» Exercise details
Drop the pictures and extract exactly the lines from the one that contains "Manisa Sağlık Platformu'nun" through the end of the material.

» Supplied material
· · · ·

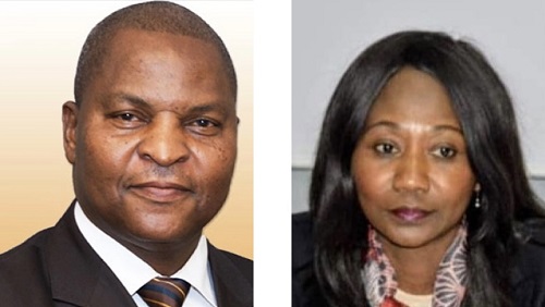 Le Président Faustin Archange Touadera à gauche, sa ministre Sylvie Baïpo-Témon à droite
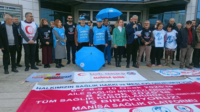 Manisa Sağlık Platformu'nun bileşenleri, MAHED, Birlik ve Dayanışma Sendikası, TDB, Genel Sağlık İş Sendikası, Hekim Birliği Sendikası, SES, Manisa Tabip Odası, Tabipsen, Manisa İl Sağlık Müdürlüğü binası önünde basın açıklaması düzenledi.
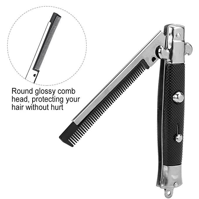Tow Switch Buttons : The switchblade comb has a button spring design, you can easily press them to open or close the comb. Slide down the small button to unlock then push button for quick blade comb with handle ejection.

· · · ·

» Exercise result
 Manisa Sağlık Platformu'nun bileşenleri, MAHED, Birlik ve Dayanışma Sendikası, TDB, Genel Sağlık İş Sendikası, Hekim Birliği Sendikası, SES, Manisa Tabip Odası, Tabipsen, Manisa İl Sağlık Müdürlüğü binası önünde basın açıklaması düzenledi.
Tow Switch Buttons : The switchblade comb has a button spring design, you can easily press them to open or close the comb. Slide down the small button to unlock then push button for quick blade comb with handle ejection.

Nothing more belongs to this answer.